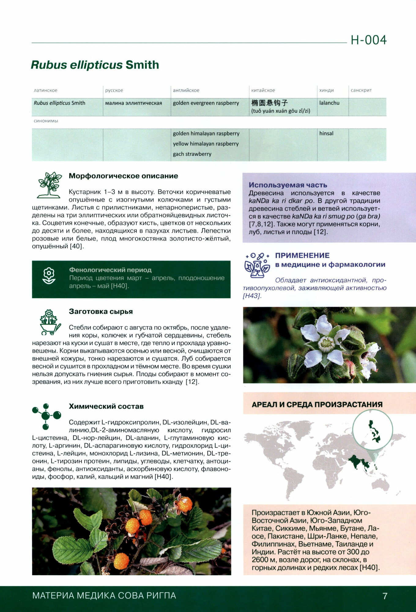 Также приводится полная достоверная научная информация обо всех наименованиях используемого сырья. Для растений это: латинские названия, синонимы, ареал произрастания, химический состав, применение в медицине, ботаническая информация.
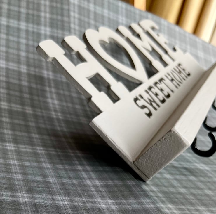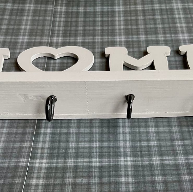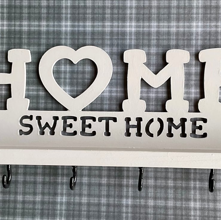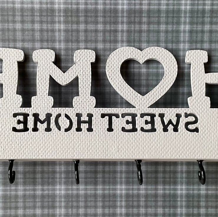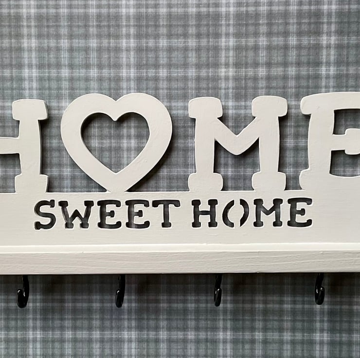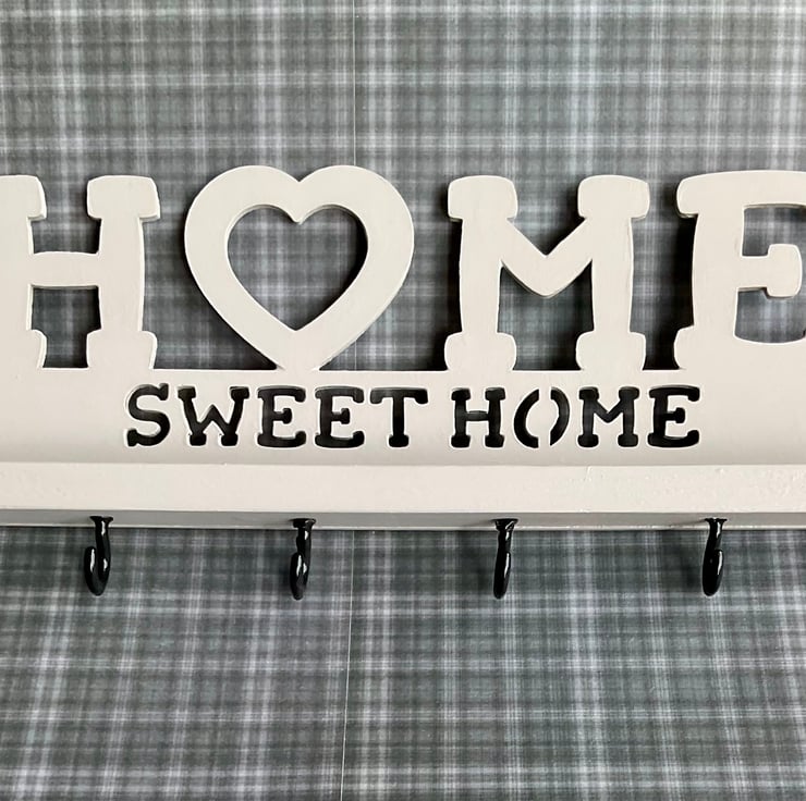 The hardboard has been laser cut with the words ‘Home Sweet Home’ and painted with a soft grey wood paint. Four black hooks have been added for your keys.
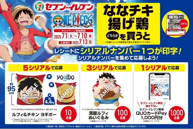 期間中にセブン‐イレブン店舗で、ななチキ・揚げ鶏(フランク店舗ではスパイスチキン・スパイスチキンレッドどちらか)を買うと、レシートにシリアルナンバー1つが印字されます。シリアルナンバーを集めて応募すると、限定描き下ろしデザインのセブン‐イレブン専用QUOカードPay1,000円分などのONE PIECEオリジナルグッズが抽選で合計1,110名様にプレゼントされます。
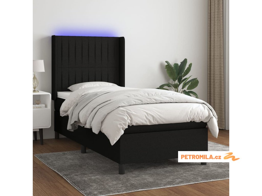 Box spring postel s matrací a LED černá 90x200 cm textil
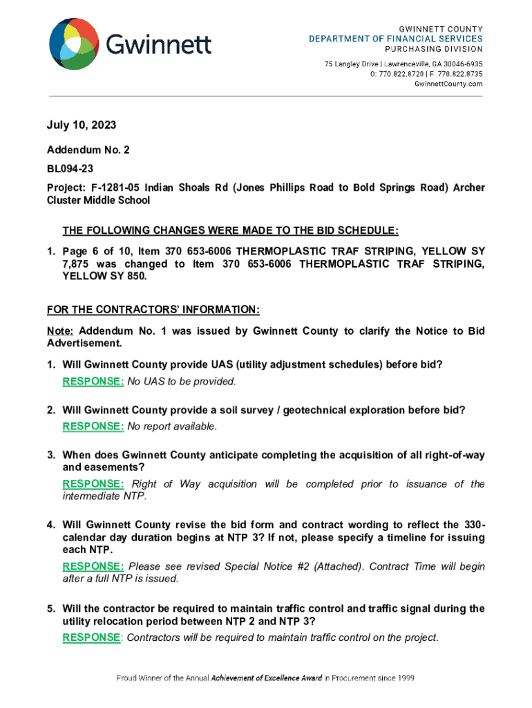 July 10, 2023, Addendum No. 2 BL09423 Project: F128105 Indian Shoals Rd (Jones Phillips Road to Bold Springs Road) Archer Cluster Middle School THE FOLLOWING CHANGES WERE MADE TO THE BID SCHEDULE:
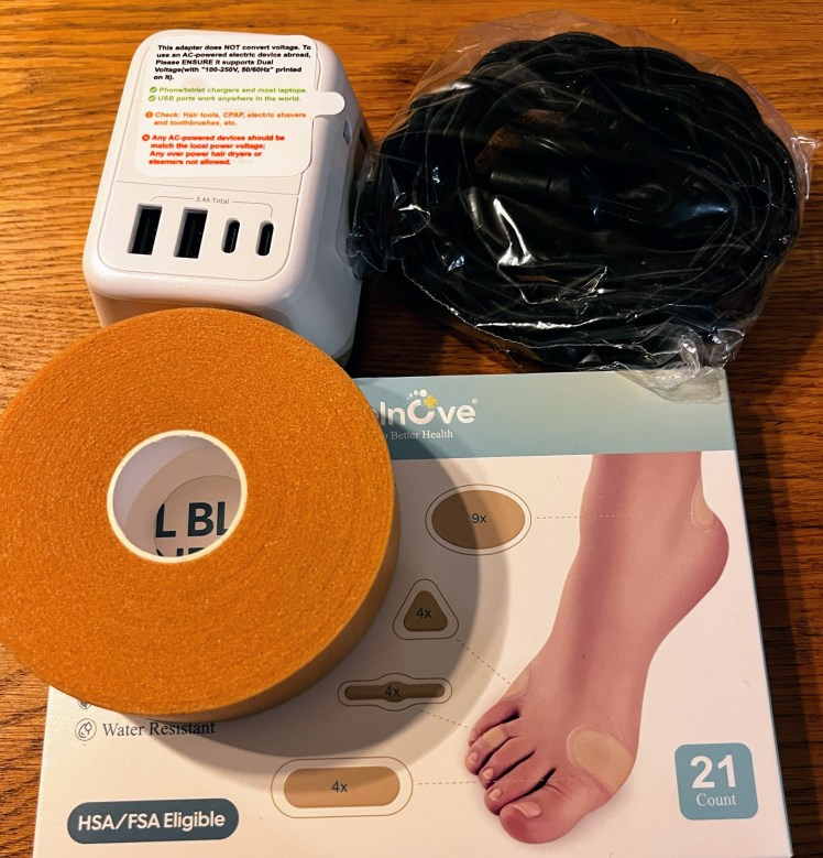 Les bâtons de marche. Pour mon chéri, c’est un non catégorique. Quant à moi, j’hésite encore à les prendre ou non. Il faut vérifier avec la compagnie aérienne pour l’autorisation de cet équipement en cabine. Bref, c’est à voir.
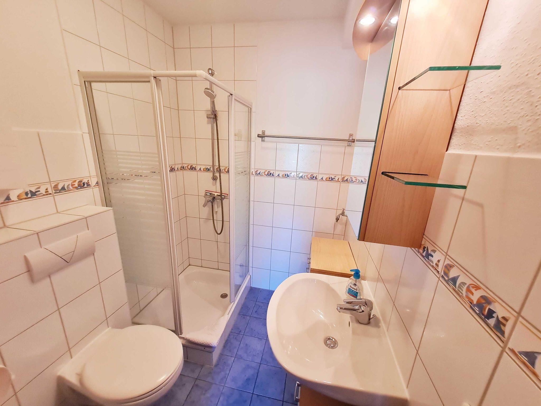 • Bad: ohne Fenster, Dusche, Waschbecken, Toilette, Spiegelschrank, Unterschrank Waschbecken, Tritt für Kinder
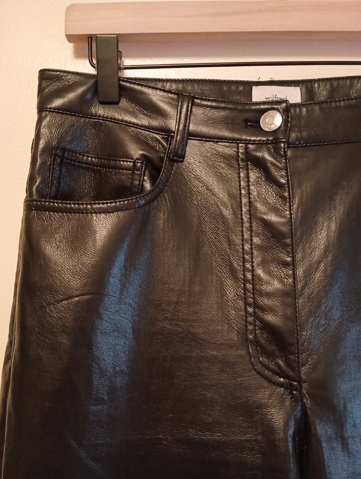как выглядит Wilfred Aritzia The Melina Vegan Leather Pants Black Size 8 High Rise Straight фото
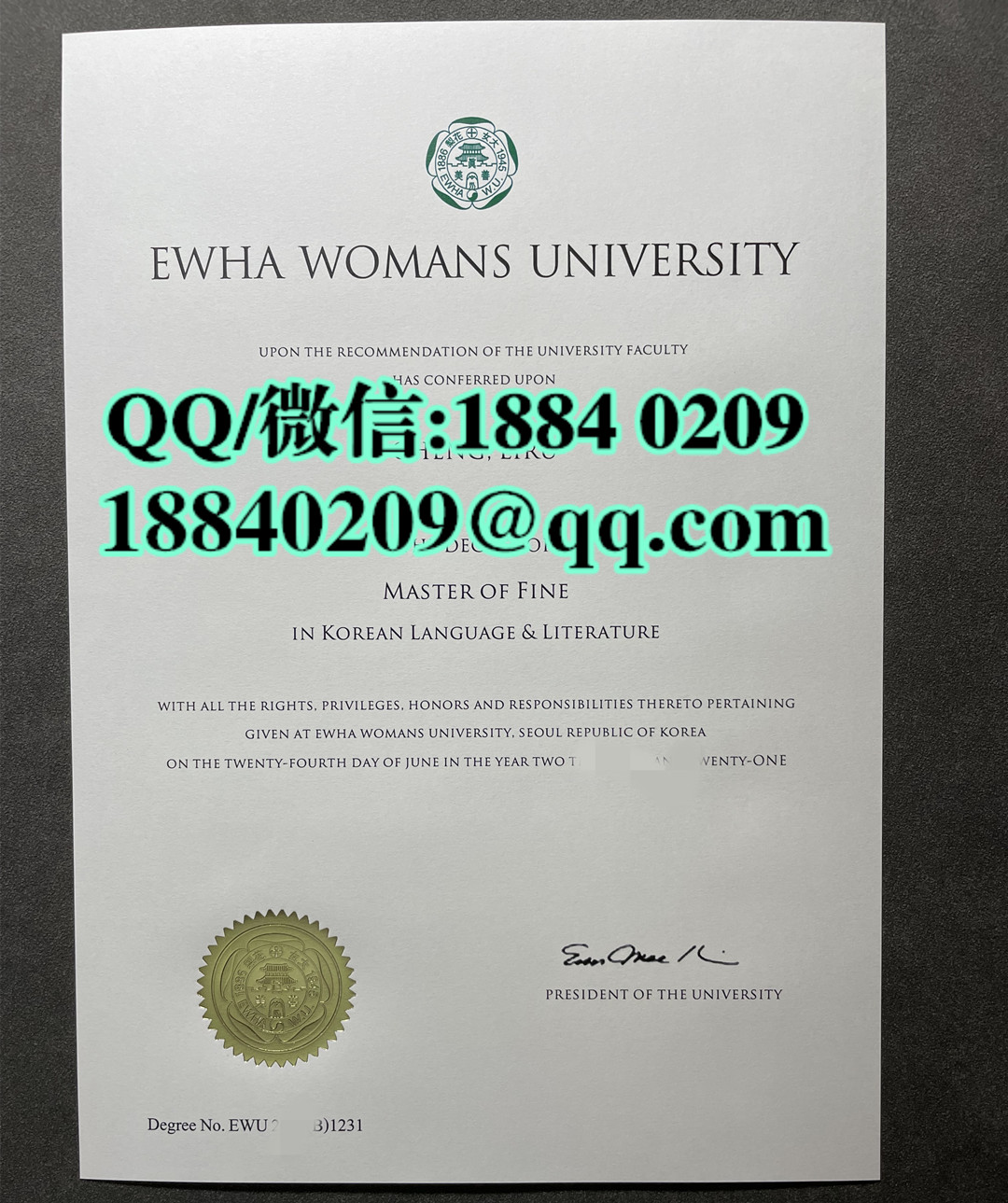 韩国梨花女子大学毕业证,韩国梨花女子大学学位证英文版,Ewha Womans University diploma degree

————

▶ [DIRECTIONS] Please retype, exactly and with the pictures left out, the lines from the line containing "期間中にセブン‐イレブン店舗" through the last line of the records above.

▶ [RESULT OF THIS TASK]
 期間中にセブン‐イレブン店舗で、ななチキ・揚げ鶏(フランク店舗ではスパイスチキン・スパイスチキンレッドどちらか)を買うと、レシートにシリアルナンバー1つが印字されます。シリアルナンバーを集めて応募すると、限定描き下ろしデザインのセブン‐イレブン専用QUOカードPay1,000円分などのONE PIECEオリジナルグッズが抽選で合計1,110名様にプレゼントされます。
 Box spring postel s matrací a LED černá 90x200 cm textil
 July 10, 2023, Addendum No. 2 BL09423 Project: F128105 Indian Shoals Rd (Jones Phillips Road to Bold Springs Road) Archer Cluster Middle School THE FOLLOWING CHANGES WERE MADE TO THE BID SCHEDULE:
 Les bâtons de marche. Pour mon chéri, c’est un non catégorique. Quant à moi, j’hésite encore à les prendre ou non. Il faut vérifier avec la compagnie aérienne pour l’autorisation de cet équipement en cabine. Bref, c’est à voir.
 • Bad: ohne Fenster, Dusche, Waschbecken, Toilette, Spiegelschrank, Unterschrank Waschbecken, Tritt für Kinder
как выглядит Wilfred Aritzia The Melina Vegan Leather Pants Black Size 8 High Rise Straight фото
 韩国梨花女子大学毕业证,韩国梨花女子大学学位证英文版,Ewha Womans University diploma degree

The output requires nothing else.